I vote for rhodesian ridgeback also. They do well in all kinds of climates, crazy smart, they can do well in heavy population area's, as well in the middle of nowhere, they can be trained very well for protection, hunting, offense, and defense. I hadn't ever heard of them before I adopted one, the lady I got her from swore she was a lab... lol If you see the two breeds side by side you would know. lol I will ALWAYS have a ridgeback.


----------



## Wanderer0101 (Nov 8, 2011)

I'm very big on the versatile gun dog breeds like German wirehairs (Drahthaars), German shorthairs, Brittanys, Pudelpointers, German longhairs and small Munsterlanders. My DD will point, retrieve on land or in water, track, kill vermin and is very protective of the property and my family. Typically very smart with lots of natural ability.


----------



## Tribal Warlord Thug (Jan 27, 2009)

Rotty's.........never without them........hands down the very best shtf dog there is, and yes...i am predjudice to the breed...
















own 'em and damn proud of 'em......wouldn't hesitate to protect their family ever.......


----------



## Toffee (Mar 13, 2012)

I think it depends on your terrain. I wouldn't pick a sight hound living out here in the woods. Probably for protection a mastiff/st Bernard cross, as long as I had the food. There are several families around here who have them as coyote hunters. But for actual hunting, something more like a plott hound or elkhound. 
Floofy, but quiet dogs wouldn't be so bad. At least you have something to curl up with, but a barker is a no-no.


----------



## hillobeans (May 17, 2012)

pandamonium said:


> If you like BIG dogs, an Anatolian Shepard is an awesome dog. Loyal, highly protective, intelligent.

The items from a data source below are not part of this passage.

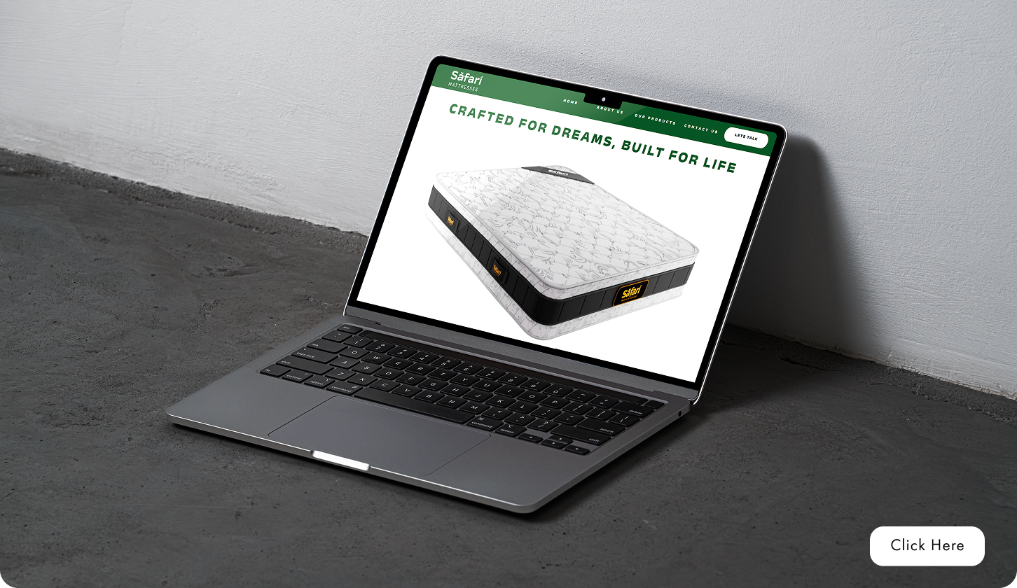 The Safari Mattresses website was designed to reflect the brand’s approachable, reliable, and premium personality. Emphasis was placed on clean layouts, intuitive navigation, and immersive product visuals, including 3D mattress layers, to showcase quality and comfort. The design combines modern aesthetics with consistent brand messaging, ensuring customers and dealers instantly recognize Safari’s identity. Every element—from typography and color palette to imagery and content—reinforces trust, comfort, and brand recall, creating a cohesive digital experience that complements the offline brand presence.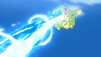 | Description: Politoed combines its Water Gun with Pikachu's Thunderbolt and Forretress's Rapid Spin, creating a tornado of water and electricity. This was used to send Team Rocket and the Invincible Pokémon Brothers blasting off. | |||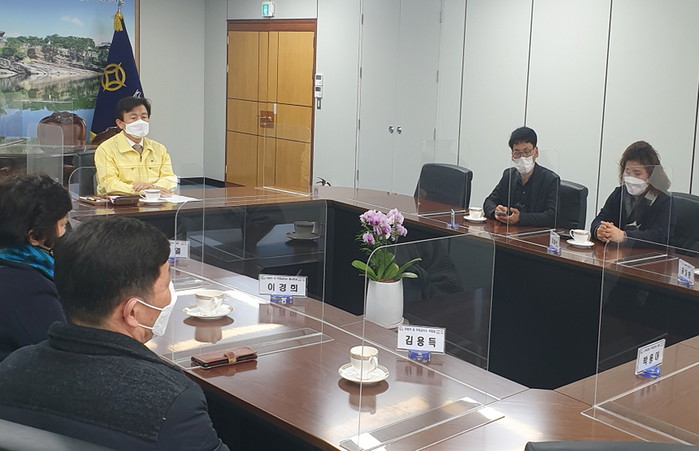 [진주=최성일 기자] 조규일 진주시장은 지난 19일 오후 2시30분 시청 기업인의 방에서 무료경로식당 운영 민간단체 관계자와 간담회를 가졌다.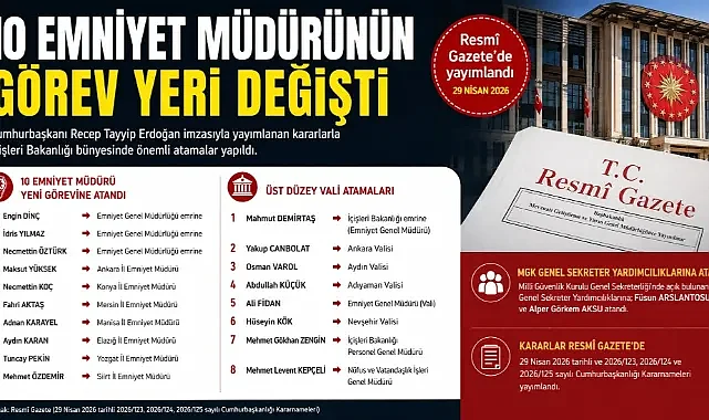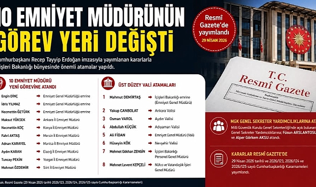 Emniyet Genel Müdürlüğünde de atamalar oldu. Ankara İl Emniyet Müdürü Engin Dinç, Mersin İl Emniyet Müdürü İdris Yılmaz ve Siirt İl Emniyet Müdürü Necmettin Öztürk, Emniyet Genel Müdürlüğü emrine atandı.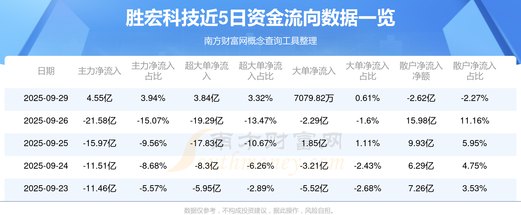 9月29日消息,勝宏科技9月29日主力資金凈流入4.55億元,超大單資金凈流入3.84億元,大單資金凈流入7079.82萬元,散戶資金凈流出2.62億元。

Now that's a beautiful dog!


----------



## CrackbottomLouis (May 20, 2012)

Presa canario if you can feed it. Hunted big game elsewhere for a couple years with a trained pair. They dont bark and are 160 lbs of pure muscle. Smart to. Not for novice dog owner and must be trained properly. Plott hound sounds interesting will look em up.

Those plott hounds look like awesome dogs. How are they at parking when they're not supposed to? I kinda want one now. Certainly be easier to feed than a presa or boer dog. I love brindle on a dog anyway.


----------



## cengasser (Mar 12, 2012)

We have Wiems, very intelligent, great for hunting, they can point, retrieve in water, (they have webbed paws). They are fierce defends of of home and yard. 
Downside is without proper training and continuous outlet for energy, they can cause mischief. LOTS of mischief!
Prone to bloat, but feed smaller meals 2x per day. 
They don't do well staying outdoors full time. They were bred to be with the master to hunt and protect him. 
They're not short on personality either!


----------



## HarleyRider (Mar 1, 2010)

I have a good old Scooby Dog.... 1/2 German Shepherd and 1/2 Rhodesian Ridgeback. Looks just like Scooby Doo in the cartoons; hence the name. She is loveable with the family, but a fierce defender. She can sniff/hear an intruder from a LONG way and has a low, deep growl that will scare the pants off of anyone who tries to get into our home or on our property. She loves to chase things, and if I say the word "lizard" she goes nuts trying to find it.


----------



## Redtail (Oct 17, 2008)

Mutts are the best thing to have. Their "impure" genetics make them MUCH less susceptible to congenital disease, and numerous studies have shown that the average mutt displays better cognitive and problem-solving capabilities than that of most purebreds not widely known for intelligence. 
Mutts are also cheap. 

That being said, if you want a specific mutt, I have to recommend a cross of shepherd or lab, and Siberian huskie. 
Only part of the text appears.